Students will have to spend at least a full academic year at the university where they are placed.

To determine the academic placement level for medicine and pharmacy fields, they will be evaluated. A central test will take place at the faculties of medicine and pharmacy at Cairo University, and for students of dentistry and engineering at the faculties of dentistry and engineering at Ain Shams University.

Students in other fields of study will also be evaluated by the institutions where they are to continue their studies.

In the event that a student’s academic details prove to be false, their documentation will be considered invalid and the student will face legal action.

Students will also be able to apply to branches of foreign universities and institutions that were established by international agreements, according to the admission rules of those universities.

Egypt’s Supreme Council of Universities automatically recognises the degrees awarded by seven Ukrainian universities.

What do academics say?

Professor Hamed Ead, the director of the Science Heritage Center at Cairo University, welcomed the regulations.

“These are exceptional circumstances that need innovative and out-of-the-box solutions which must protect Egyptian universities’ standards and, at the same time, secure the students’ academic future, bearing in mind the relaxed admission requirements in some Ukrainian universities along with low-standard universities that are controlled by the intermediaries and brokers,” Ead told University World News.

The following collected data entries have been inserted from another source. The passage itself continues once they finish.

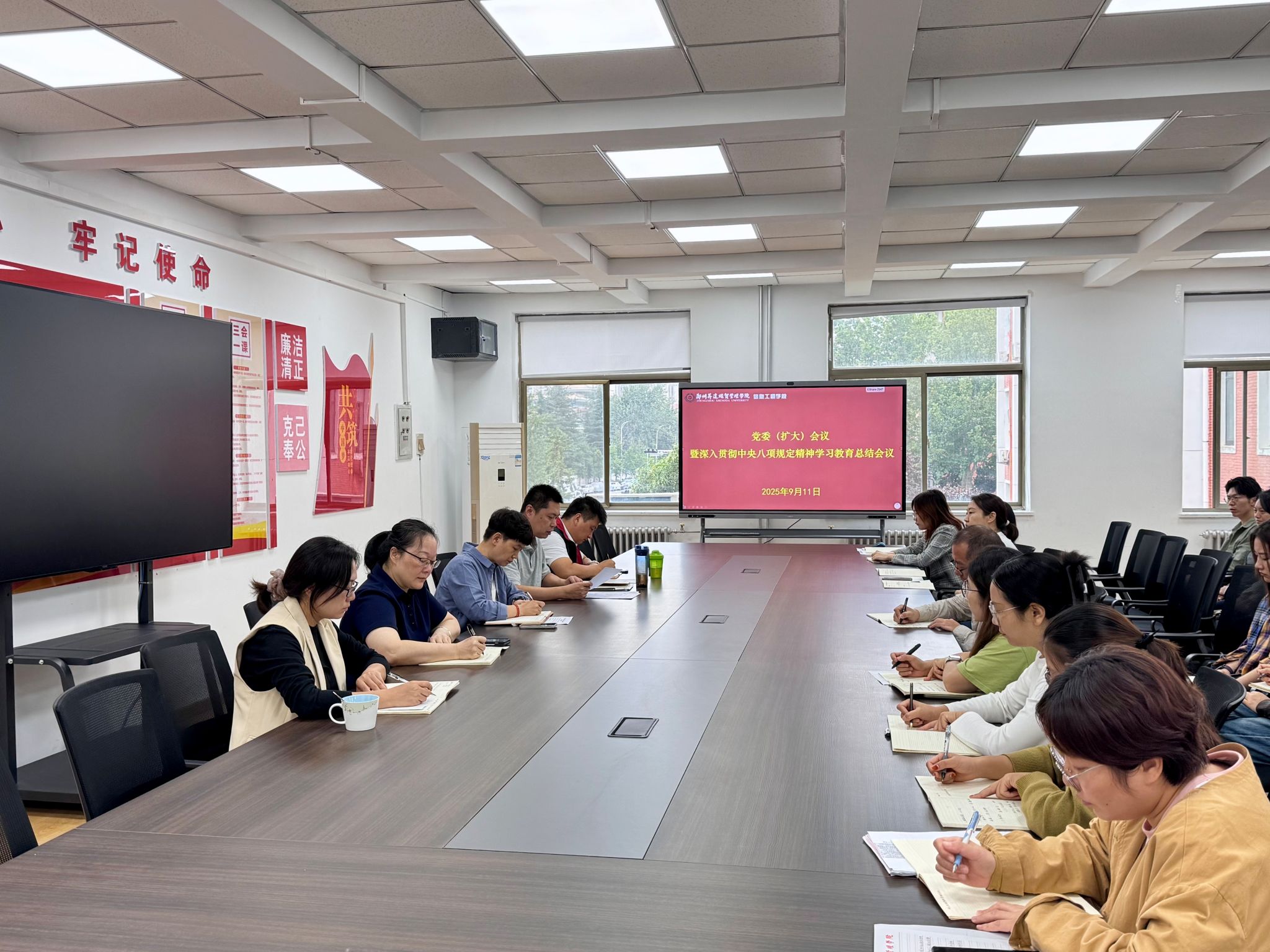 9月18日上午9时,信息工程学院党委在商管楼218会议室召开党委(扩大)会议暨深入贯彻中央八项规定精神学习教育总结会议。学院党委书记钟江鸽主持会议,全体党委委员、各党支部书记及各党支部全体委员或副书记参会,共同总结学习教育成效、安排收尾工作,推动学院作风建设走深走实。
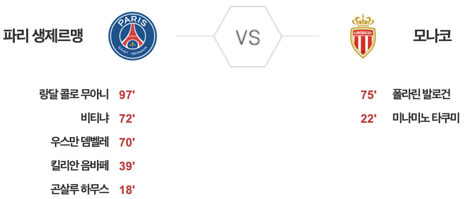 파리 생제르맹 5 vs 2 모나코
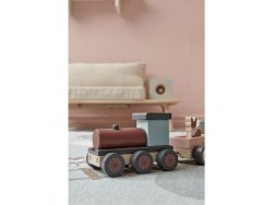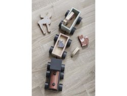 Ett tåg i trä med ett lok och två vagnar som lätt kopplas av och på.
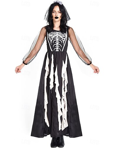 Totenkopf Gespenstische Braut Teufel Halloween Cosplay Kostüm Partykostüm Maskerade Outfits Cosplay Erwachsene Damen Maskerade Karneval Leistung Party Halloween Einfache Halloween-Kostüme Verkleiden
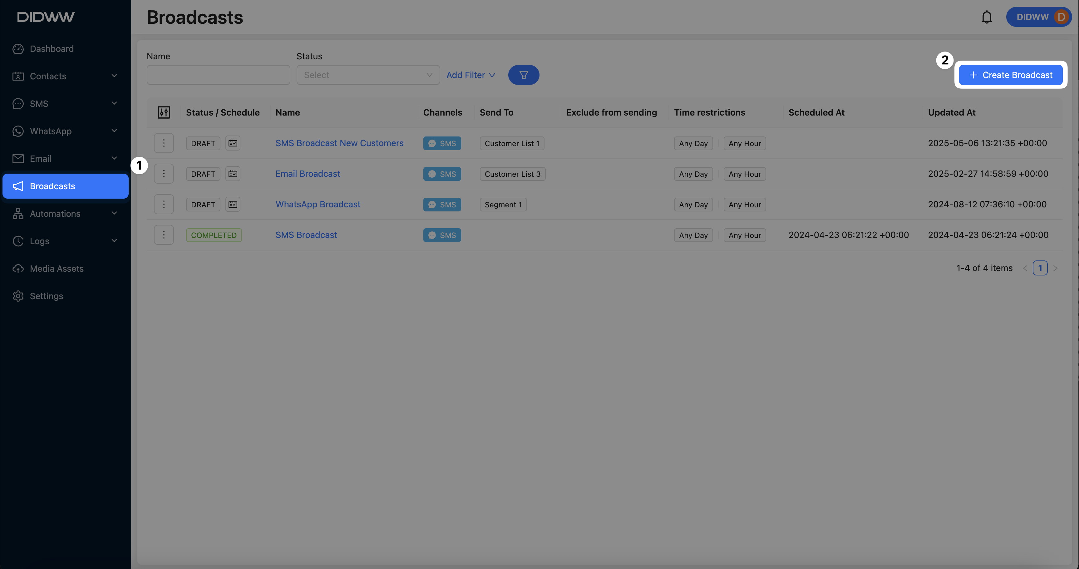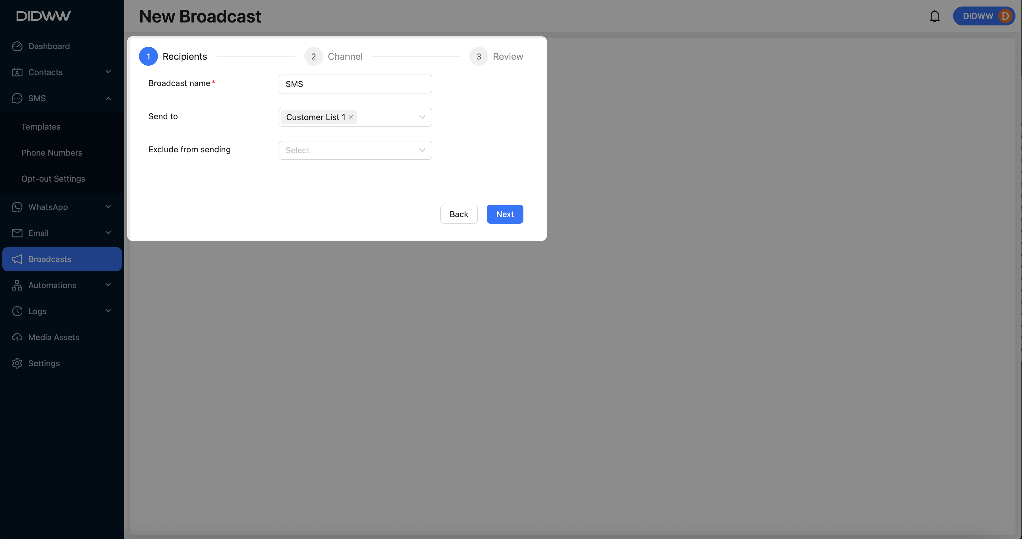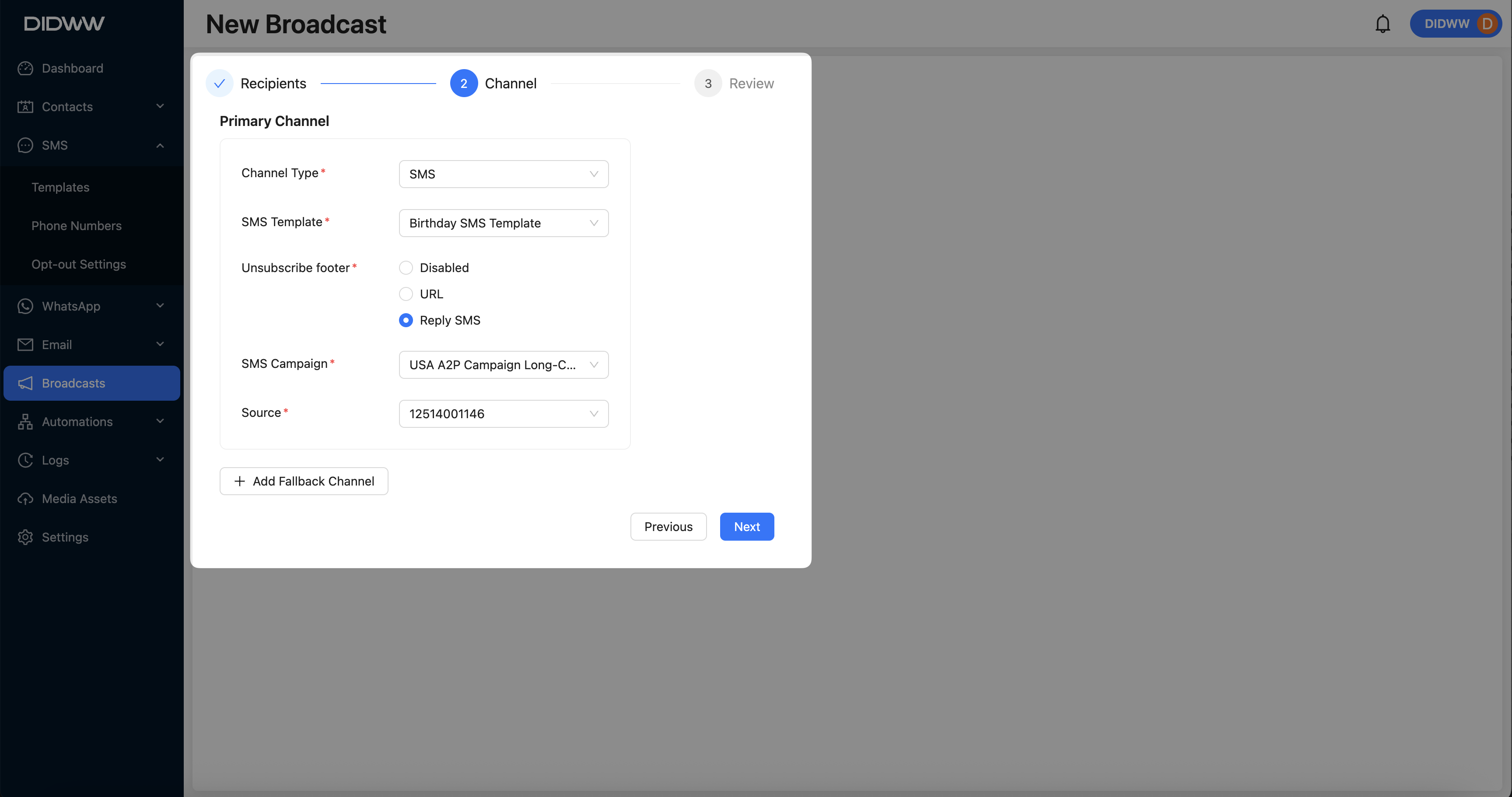 Select Recipients – Choose specific contact lists or segments for the broadcast.

Professor Ahmed El-Gohary, the president of the Egypt-Japan University of Science and Technology, or E-JUST, told University World News: “The decision to re-enrol the Egyptian students currently studying in Ukraine is basically a humanitarian one …

“However, the decision should not violate, by any means, the clear rules set to enrol comparable Egyptian students,” El-Gohary said.

“It is very important that everyone should understand that the exceptions that apply in this humanitarian decision is to open the gates to admit students and that there is flexibility for them to submit certificates and proof of study,” he added.

“I believe that this system for transferring Egyptian students from Ukraine to Egypt is a very simple model to support African students,” he said.